LAİKÇİLİK BELÂSI, TÜRKİYE'NİN KERBELÂSIDIR 2Allah’ın arzında Allah’ın dinine kayıtsız şartsız teslim olmuş Müslümanları dinlerinden, dinleriyle idare olunmaktan etmenin en emin yolu, Müslümanları siyasetten menetmektir.

Allah’ın inzal ettiği Kur’ân ile, Allah’ın gönderdiği şeriatı ile idare olunmayı önemsemeyen Müslüman, Müslüman sayılmaz. Allah’ın kitabı’na, Allah’ın şeriatına sadakati olmayanların Allah’a sadakatleri olmaz. Allah (cc)’ın razı olduğu, uymayı emrettiği yegâne hak din İslâm’dır; eksiksiz, noksansız, komple bir sistemdir; pratik ve aktif bir hayat dinidir; ütopist ve hayalperest değildir, gerçektir, gerçekçidir, dipdiridir, hayatiyet doludur; insanoğlunun her meselesiyle ilgilenir, her sorusunu çözer, her müşkülünü halleder. Çünkü İslâm, hayatta boşluk bırakmamıştır. İslâm’sız hayat alanlarını icad etmeye çalışanlar, İslâm’dan başka dinler edinenlerdir.

Müslüman’ın siyaseti önemsemesi, dinini, kitabını önemsemesidir. Allah’ın dinini, Allah’ın kitabını önemseyenler, Müslümanlardan gayrisini idareci edinemezler.

“Siyaseti önemsemeyen Müslümanları, Müslümanları önemsemeyen siyasetçiler yönetir.”

Müslümanlar, çocuklarını İslâm ile idare etmek ve İslâm ile idare edilmek üzere hazırlamalıdırlar. Çünkü her Müslüman İslâm ile idare etmek ve İslâm ile idare edilmek adayıdır. Bu iki durum ikiz olup asla birbirinden ayrılmazlar. Bu iki durumun birbirinden ayrılmalarına razı olmak, Müslüman insanın vasfı değildir. Ancak idare etmek için değil, hep idare edilmek üzere eğitilen çocuklar, Firavunların işlerini kolaylaştırmak için kurban edilen kuşaklardır.
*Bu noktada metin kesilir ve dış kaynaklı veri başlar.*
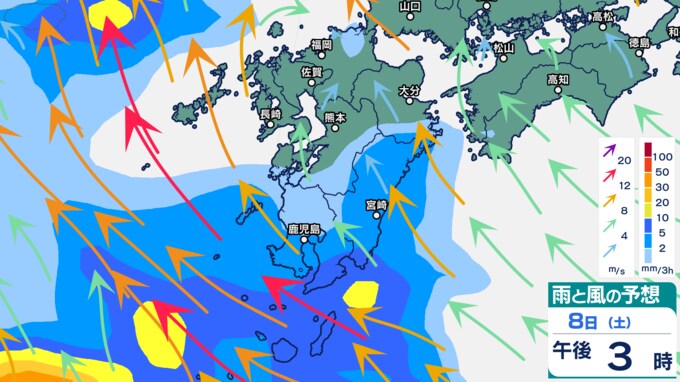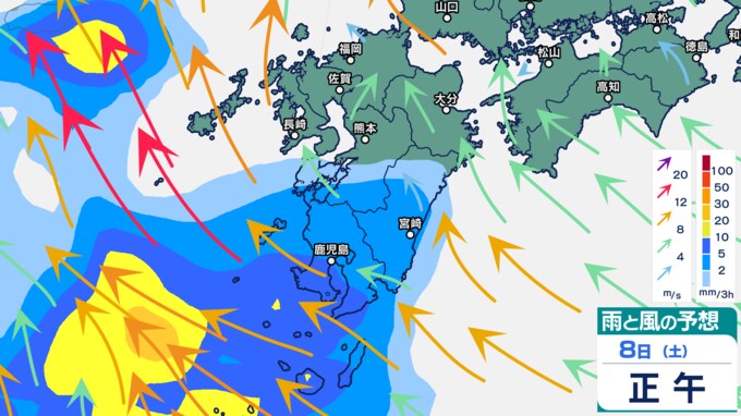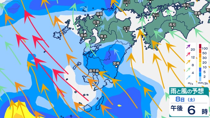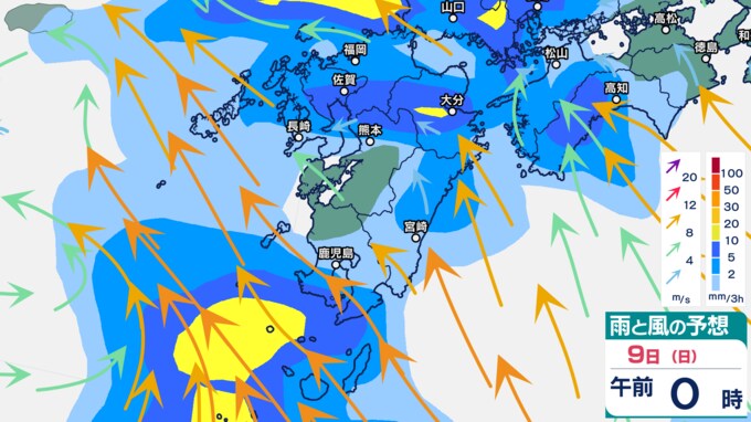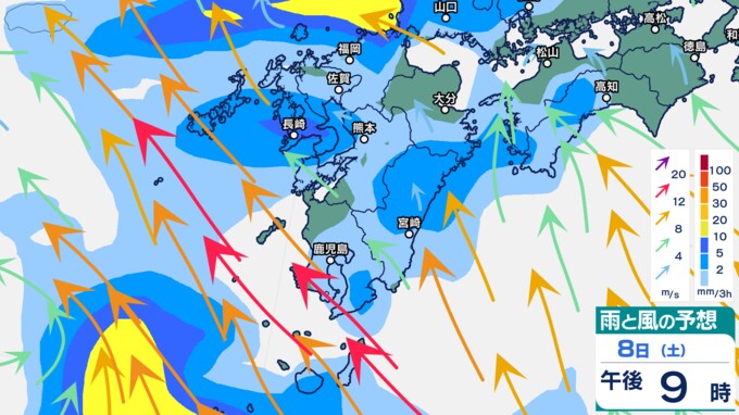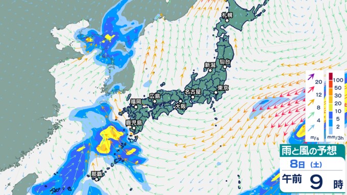 雨シミュレーションでは、8日(土)午前から九州の西の海上から発達した雨雲が流れ込み、九州南部から雨になる予想です。午後にかけて雨雲は九州北部にもかかる予想です。9日(日)は、九州の広い範囲に発達した雨雲がかかり、九州は大雨となるおそれがあります。雨のピークは9日とみられていますが、早まる可能性もあります。

İslâm; tağutlaşan güçler insanlara hükmetsinler diye değil, tatbik edilmek ve hayata hükmedilsin diye gönderilmiş bir dindir.

Kur’ân-ı Kerim’in eksen alınmadığı siyaset İslâmî olmadığı gibi, devlet de İslâmî değildir.

Siyasetle iştigal eden Müslümanlar şartlar ne olursa olsun, Allah’ın inzal ettiği dinin ahkâmına uymakla, emirlerini tutmakla yükümlü ve sorumludurlar; bu sahalardaki ödev ve görevlerini yapmak zorundadırlar. Asla ilgisiz, bilgisiz, etkisiz, renksiz, lakayt, bigâne ve pasif kalamazlar; kalırlarsa, mesul olurlar, günaha girerler, büyük ve devamlı veballer altında kalırlar, dünyada hor ve zelil, mustaz’af ve esir düşer; âhirette azap görür; perişan olurlar. Din, bir bütündür, bir kısmını yapıp, diğer kısmına sırt çevirmek olamaz. Rabbimiz uyarıyor:

“Yoksa siz Kitab’ı bir kısmına inanıp, bir kısmını inkâr mı ediyorsunuz? Artık sizden bunu yapanın cezası, dünya hayatında rezil olmaktan başka bir şey değildir. Kıyamet gününde ise onlar azabın en şiddetlisine uğratılırlar. Çünkü Allah, yaptıklarınızdan habersiz değildir.” (Bakara Sûresi/ 85)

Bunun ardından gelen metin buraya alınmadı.